# La masa crítica...



## DATAGENIUS (Mar 20, 2011)

*LA MASA CRÍTICA – LA TEORIA DEL CENTÉSIMO MONO* Es es el título que he extraído del sitio http://reflexologiaranvvai.es/terapiasnaturales/la-masa-critica-la-teoria-del-centesimo-mono/ 

Es un tema muy muy interesante y tiene mucho que ver con el conocimiento...

Yo, en mis locuras, creía que cuando se me ocurría una buena idea y luego me enteraba de que otro ya la estaba realizando, lo atribuía al hecho de que esas ideas se me ocurrían justo cuando tenía las ventanas abiertas de mi casa y las ideas se me arrancaban para afuera 

Ahora parece que la cosa es al revés  era que las ideas entraban por mi ventana y yo las capturaba, como sintonizándome a ellas... y eran ideas de otros 

Bueno, volviendo al tema y como termina diciendo el artículo *¿SERÁ ALGUNO DE NOSOTROS EL CENTÉSIMO “MONO”?*

Para considerarlo... no creen???


----------



## Uro (Mar 20, 2011)

Algo escribieron Carl Jung, Edgar Cayce y Sigmund Freud sobre la "Conciencia Colectiva".

Hace más de 30 años el profesor Robert Jahn de la universidad de Princeton ideó un sistema informático para medir de algún modo alteraciones inusuales, el proyecto fue denominado The Global Consciousness Project (Proyecto de Conciencia Global) y opera sin descanso en más de 40 países.
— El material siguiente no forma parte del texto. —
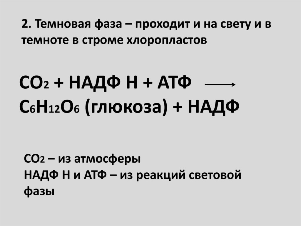 2. Темновая фаза – проходит и на свету и втемноте в строме хлоропластов

El objetivo es demostrar que existe una conciencia global o colectiva que se dispara en el humano de un modo imperceptible en el momento preciso de un cambio lo suficientemente importante.

Leer más en Suite101: La conciencia colectiva, unión invisible: Energías positivas y energías negativas, nuestros hilos invisibles http://www.suite101.net/content/la-conciencia-colectiva-union-invisible-a9391#ixzz1H84FinN5

También se puede consultar otra opinión en http://epony.zonalibre.org/archives/076217.html


----------



## DATAGENIUS (Mar 20, 2011)

interesante URO... sabes, el articulo tuyo muestra como ejemplo lo ocurrido el 11 de Septiembre 

Pero me llama la atención lo que se cita a continuación "*demostrar que estas alteraciones se disparan de igual modo justo antes del suceso*" y lo menciono por que la noche anterior al evento del 11 de Septiembre, en un momento en particular, estando yo junto a una tía, me sobrevino un mal presentimiento y lo único que mi temor me intuyó es que algo malo pasaría en el norte... para el día siguiente ya estaba en todos los canales de TV.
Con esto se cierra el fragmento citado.